▸ What to do: Please write out only the lines from the line with "برای پاک کردن" to the line with "оларды сорып алады.", inclusive, exactly as they stand below, without the pictures.

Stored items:
..........

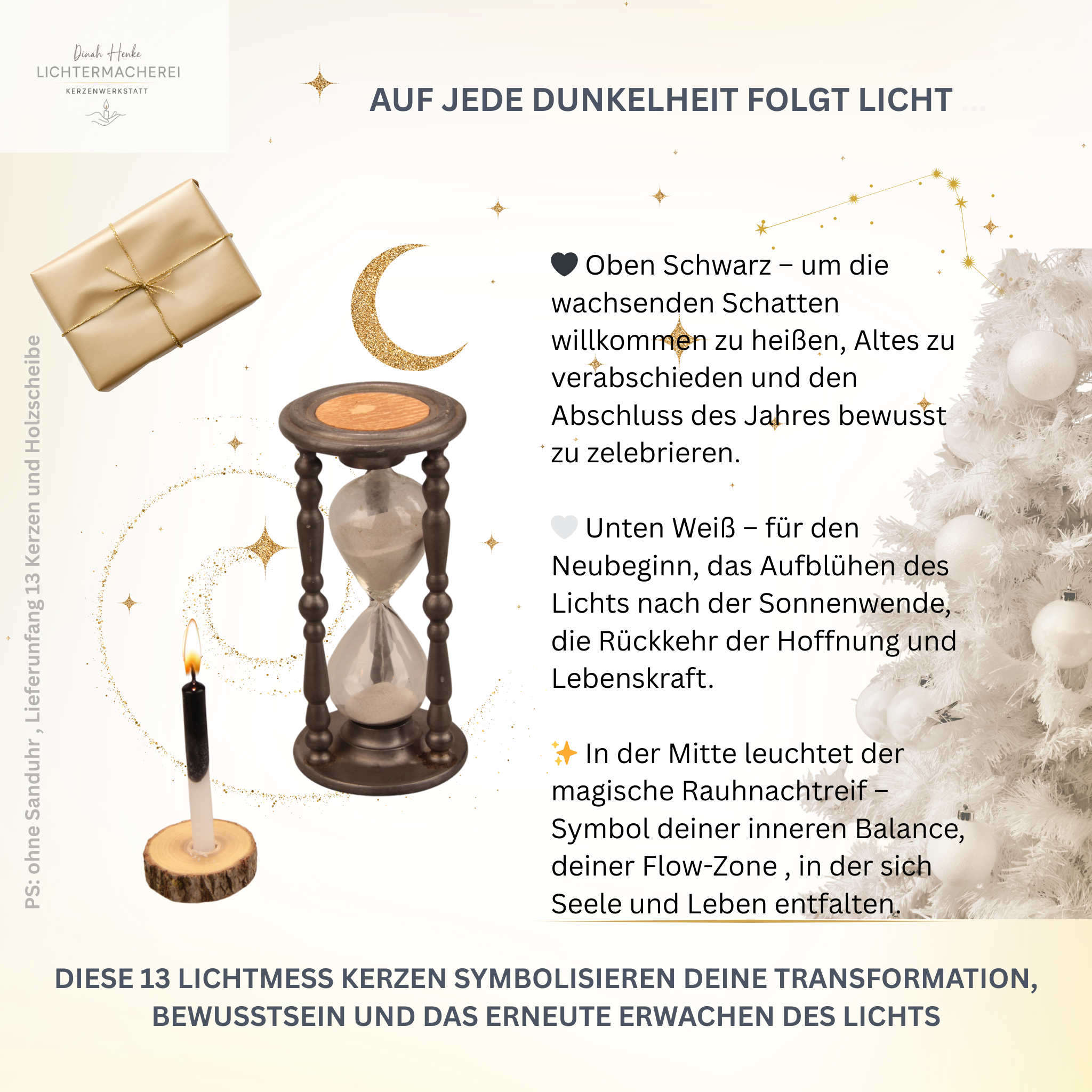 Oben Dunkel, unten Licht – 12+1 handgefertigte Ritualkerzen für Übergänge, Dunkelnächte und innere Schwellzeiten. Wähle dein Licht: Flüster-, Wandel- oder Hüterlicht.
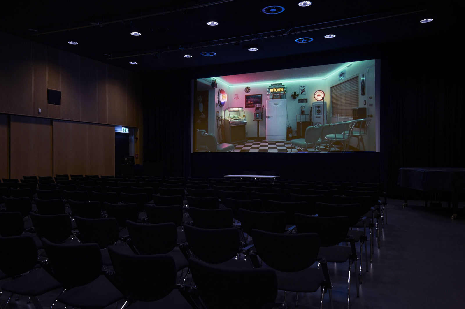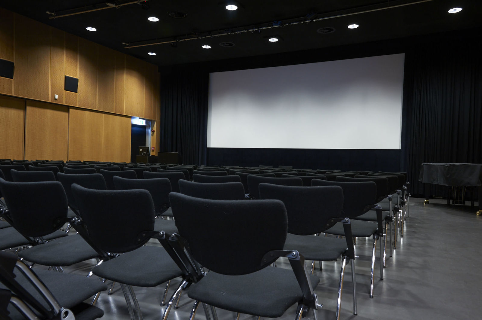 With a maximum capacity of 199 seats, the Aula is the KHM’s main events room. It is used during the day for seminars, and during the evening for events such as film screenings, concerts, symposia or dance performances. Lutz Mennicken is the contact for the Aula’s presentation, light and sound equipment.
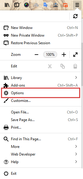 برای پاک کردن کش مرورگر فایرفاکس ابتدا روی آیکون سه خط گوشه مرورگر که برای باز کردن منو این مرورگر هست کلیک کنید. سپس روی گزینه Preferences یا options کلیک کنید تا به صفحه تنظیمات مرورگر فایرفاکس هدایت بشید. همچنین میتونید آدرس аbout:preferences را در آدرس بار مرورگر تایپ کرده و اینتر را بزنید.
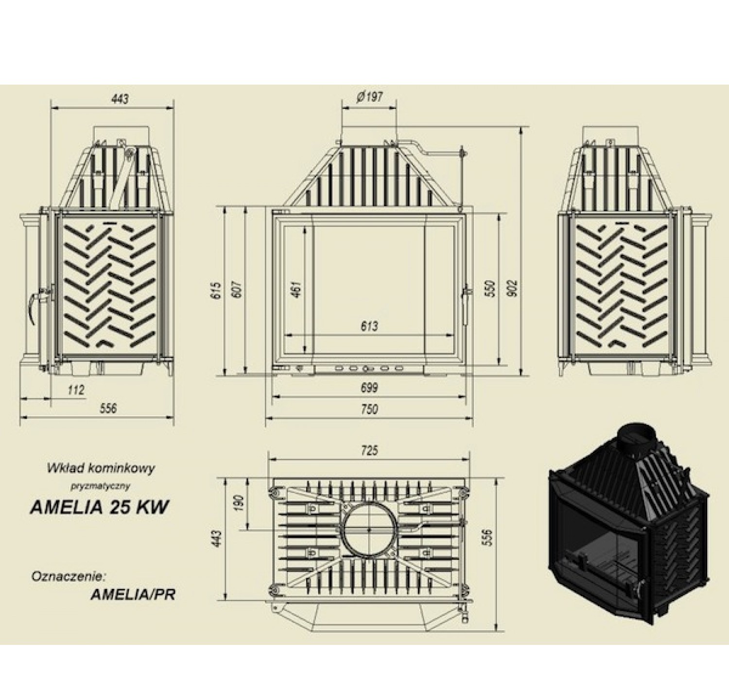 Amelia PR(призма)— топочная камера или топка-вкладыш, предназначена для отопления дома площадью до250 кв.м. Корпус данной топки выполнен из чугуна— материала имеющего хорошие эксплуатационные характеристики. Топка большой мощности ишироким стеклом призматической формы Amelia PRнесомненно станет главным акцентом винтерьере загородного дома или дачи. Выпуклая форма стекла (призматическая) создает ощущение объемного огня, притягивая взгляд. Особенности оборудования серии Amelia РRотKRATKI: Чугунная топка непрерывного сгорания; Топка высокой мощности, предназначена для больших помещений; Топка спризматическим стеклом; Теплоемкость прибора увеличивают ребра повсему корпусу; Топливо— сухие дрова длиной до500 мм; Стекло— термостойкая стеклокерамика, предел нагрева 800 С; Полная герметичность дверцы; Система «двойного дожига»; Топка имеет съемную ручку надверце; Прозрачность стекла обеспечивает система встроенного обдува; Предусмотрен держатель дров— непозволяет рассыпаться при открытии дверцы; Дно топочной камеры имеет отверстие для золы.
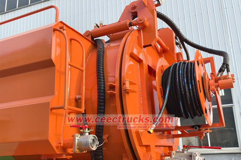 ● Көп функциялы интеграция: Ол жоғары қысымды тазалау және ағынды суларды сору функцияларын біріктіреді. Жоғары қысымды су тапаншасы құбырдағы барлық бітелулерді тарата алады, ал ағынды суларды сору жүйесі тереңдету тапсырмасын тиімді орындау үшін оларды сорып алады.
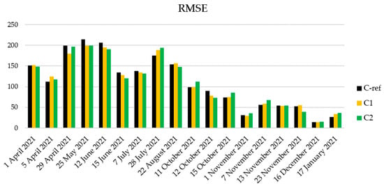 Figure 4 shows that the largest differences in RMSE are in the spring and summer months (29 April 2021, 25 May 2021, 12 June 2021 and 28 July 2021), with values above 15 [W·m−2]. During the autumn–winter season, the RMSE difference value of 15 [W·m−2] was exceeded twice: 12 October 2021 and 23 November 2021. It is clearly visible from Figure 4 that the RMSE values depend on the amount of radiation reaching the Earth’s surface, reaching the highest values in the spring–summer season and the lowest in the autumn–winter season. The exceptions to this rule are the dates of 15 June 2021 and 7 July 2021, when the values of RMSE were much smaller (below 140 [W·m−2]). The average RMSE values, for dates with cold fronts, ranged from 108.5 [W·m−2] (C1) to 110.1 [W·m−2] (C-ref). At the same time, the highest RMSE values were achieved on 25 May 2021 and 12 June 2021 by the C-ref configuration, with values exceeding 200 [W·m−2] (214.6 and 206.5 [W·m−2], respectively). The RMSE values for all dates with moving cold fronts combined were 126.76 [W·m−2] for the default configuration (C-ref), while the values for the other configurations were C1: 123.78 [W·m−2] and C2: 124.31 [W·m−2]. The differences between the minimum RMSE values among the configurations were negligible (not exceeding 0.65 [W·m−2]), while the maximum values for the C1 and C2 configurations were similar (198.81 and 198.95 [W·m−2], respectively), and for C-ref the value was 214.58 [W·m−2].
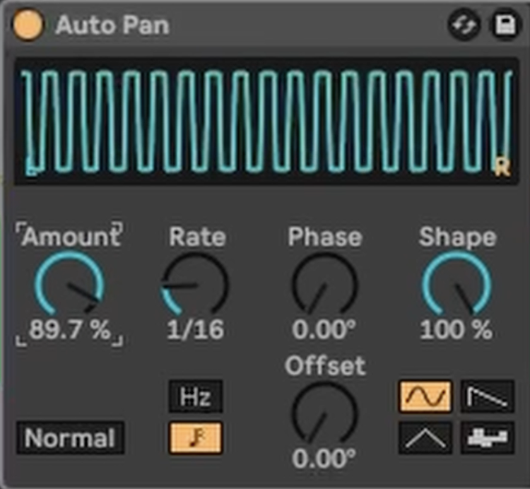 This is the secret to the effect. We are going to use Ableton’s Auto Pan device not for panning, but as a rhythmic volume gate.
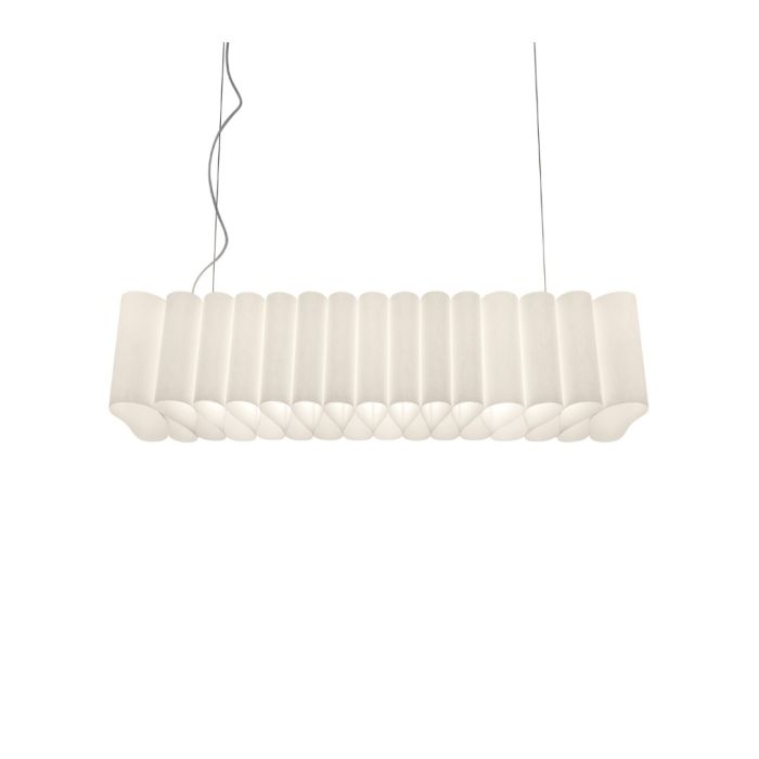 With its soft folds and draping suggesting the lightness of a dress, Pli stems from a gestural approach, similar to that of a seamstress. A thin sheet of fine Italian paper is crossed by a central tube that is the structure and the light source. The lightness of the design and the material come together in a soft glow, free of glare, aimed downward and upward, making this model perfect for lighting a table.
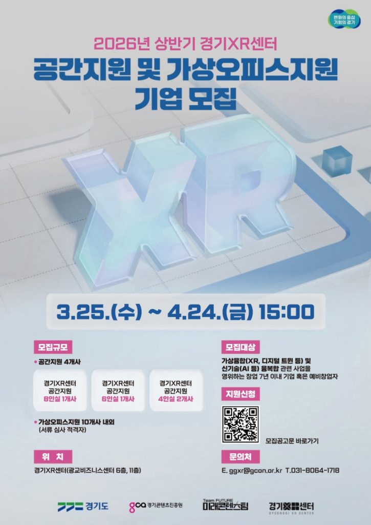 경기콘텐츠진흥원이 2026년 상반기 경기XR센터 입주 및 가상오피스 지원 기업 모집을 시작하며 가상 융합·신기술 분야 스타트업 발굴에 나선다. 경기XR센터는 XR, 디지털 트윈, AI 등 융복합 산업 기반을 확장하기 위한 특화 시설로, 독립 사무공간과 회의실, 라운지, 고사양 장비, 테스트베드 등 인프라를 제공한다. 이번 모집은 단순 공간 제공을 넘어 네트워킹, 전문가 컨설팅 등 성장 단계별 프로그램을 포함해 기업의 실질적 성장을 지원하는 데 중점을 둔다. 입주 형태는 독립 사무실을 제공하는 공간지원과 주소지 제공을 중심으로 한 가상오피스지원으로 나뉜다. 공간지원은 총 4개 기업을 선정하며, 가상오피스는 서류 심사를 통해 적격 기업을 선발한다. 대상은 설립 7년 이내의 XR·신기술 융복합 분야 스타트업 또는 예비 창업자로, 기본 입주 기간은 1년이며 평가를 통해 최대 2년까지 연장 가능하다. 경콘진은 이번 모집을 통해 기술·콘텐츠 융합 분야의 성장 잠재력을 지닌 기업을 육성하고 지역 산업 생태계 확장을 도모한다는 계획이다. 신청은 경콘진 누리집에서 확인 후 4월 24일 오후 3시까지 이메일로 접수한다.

..........

▸ Exercise solution:
 برای پاک کردن کش مرورگر فایرفاکس ابتدا روی آیکون سه خط گوشه مرورگر که برای باز کردن منو این مرورگر هست کلیک کنید. سپس روی گزینه Preferences یا options کلیک کنید تا به صفحه تنظیمات مرورگر فایرفاکس هدایت بشید. همچنین میتونید آدرس аbout:preferences را در آدرس بار مرورگر تایپ کرده و اینتر را بزنید.
 Amelia PR(призма)— топочная камера или топка-вкладыш, предназначена для отопления дома площадью до250 кв.м. Корпус данной топки выполнен из чугуна— материала имеющего хорошие эксплуатационные характеристики. Топка большой мощности ишироким стеклом призматической формы Amelia PRнесомненно станет главным акцентом винтерьере загородного дома или дачи. Выпуклая форма стекла (призматическая) создает ощущение объемного огня, притягивая взгляд. Особенности оборудования серии Amelia РRотKRATKI: Чугунная топка непрерывного сгорания; Топка высокой мощности, предназначена для больших помещений; Топка спризматическим стеклом; Теплоемкость прибора увеличивают ребра повсему корпусу; Топливо— сухие дрова длиной до500 мм; Стекло— термостойкая стеклокерамика, предел нагрева 800 С; Полная герметичность дверцы; Система «двойного дожига»; Топка имеет съемную ручку надверце; Прозрачность стекла обеспечивает система встроенного обдува; Предусмотрен держатель дров— непозволяет рассыпаться при открытии дверцы; Дно топочной камеры имеет отверстие для золы.
 ● Көп функциялы интеграция: Ол жоғары қысымды тазалау және ағынды суларды сору функцияларын біріктіреді. Жоғары қысымды су тапаншасы құбырдағы барлық бітелулерді тарата алады, ал ағынды суларды сору жүйесі тереңдету тапсырмасын тиімді орындау үшін оларды сорып алады.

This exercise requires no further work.